Travellers from Europe had previously been scarce in India.10 Early in the fourth century BC, the Greek colony of Bactria in what is now Afghanistan had sent out an ambassador called Megesthenes to the Indian city of Pataliputra, near which the Buddha had once lived. During his time in Pataliputra, Megesthenes had compiled the first western account of India, fragments of which survived and made their way into the writings of such Roman historians and geographers as Arrian and Strabo.
Rome traded extensively with India, particularly in the first three centuries after Christ. Ideas travelled along the Silk Road and other routes to and from India: Christianity and Islam to the East, and Indian sciences and philosophies to the West. The Buddha himself reached the West in the form of a garbled story of two Christian saints, Barlaam and Josaphat, the original source for which was probably Asvaghosha’s popular biography of the Buddha, Buddhacarita.
The Christian polemicist Clement of Alexandria is said to have met in the second century AD some Indian traders who identifi
ed their religious practice in ways that now make them seem like followers of the Buddha. Mani, the third-century Persian founder of Manicheism, which influenced the young St Augustine and lingered on among the Cathars of medieval Provence, spent time in India and is supposed to have absorbed Buddhist influences. But there was little contact between India and the West for several centuries as, first, the Roman Empire disintegrated, and then the Arabs came to rule both India and parts of Europe.
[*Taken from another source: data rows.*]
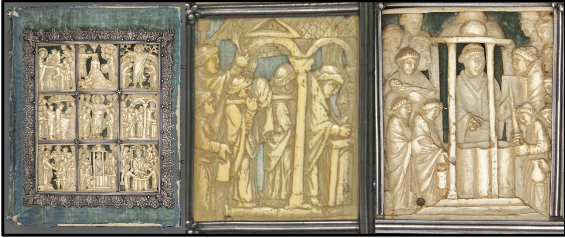
Resim 1. Drogo Sacramentary (M.S. 840-855) adlı el yazmasının ön kapağı (Calkins, 1986).
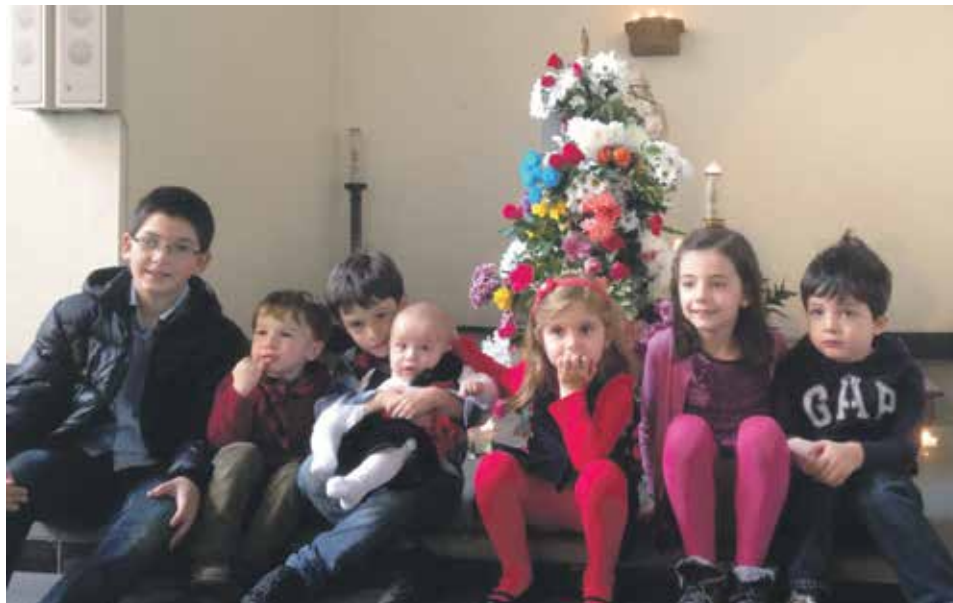
Niños aragoneses celebran la Virgen del Pilar en Londres.

“Desde la lejanía te das cuenta del privilegio que supone tener a la Virgen del Pilar como patrona” (Londres)
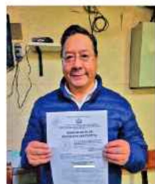
EXPRESIDENTE. Luis Arce.

Las redes sociales del expresidente, Luis Arce serán administradas por terceros, mientras dure la etapa de detención preventiva, de cinco meses, en la cárcel de San Pedro, de La Paz.
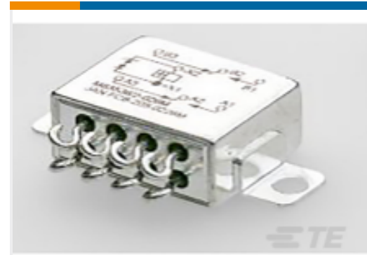
TE 产品编号2-1617758-9 FCB-205-0121M=M83536/1-021M
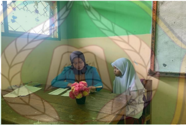
Wawancara Siswa Kela V
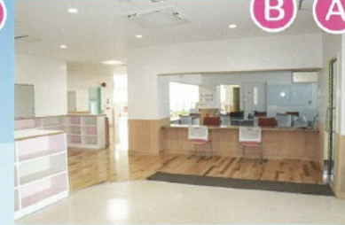
■エントランスホール・受付
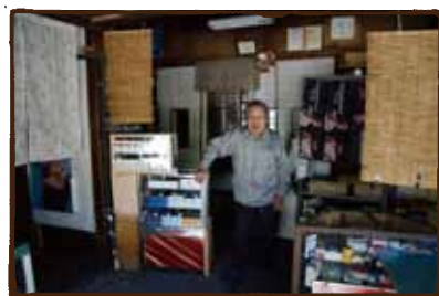
(望月商店) 店の中は当時のまま、 ご主人もご健在。
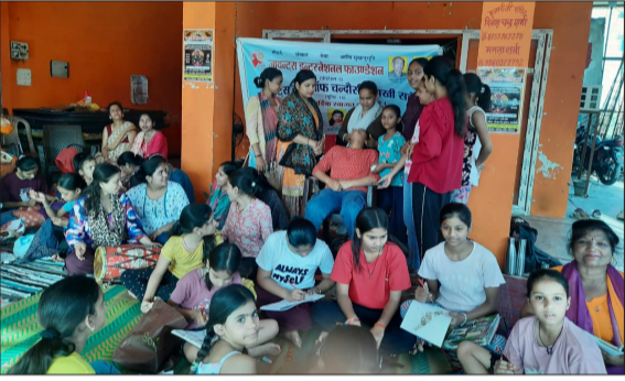
समर कैंप में बालिकाओं को फेशियल सिखाती प्रशिक्षिका।
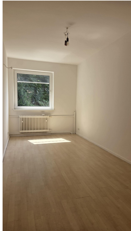
Blick ins zweite Schlafzimmer

During the Middle Ages, there was the odd traveller to Asia, such as Marco Polo, who served at the court of Kublai Khan, the most Buddhist of Mongol emperors. The traffic to India grew only after Europeans discovered in the sixteenth century the sea route to Asia and inaugurated their great age of exploration and conquest. Traders and diplomats set up trading centres, followed by missionaries of the Counter-Reformation who hoped to compensate for the Catholic losses to Protestant Europe by converting India and China to their faith. A few Jesuits managed to reach Tibet in the seventeenth century and reported coming across Buddhist notions about the self.
There had been a few French travellers in India in the centuries before Jacquemont’s visit. In his Essay on the Manners and Spirits of Nations (1754), Voltaire relied upon the testimony of two intrepid French travellers, Jean-Baptiste Tavernier and François Bernier, both of whom had attempted ambitious accounts of the last days of the Mughal Empire in India. Bernier had even gone up to Kashmir, a place few Europeans then knew of. He gave not just France but also Europe its first authoritative, if only partly accurate, image of Asia: as a place of ageless Oriental Despotism, where the ruler owned everything in his realm.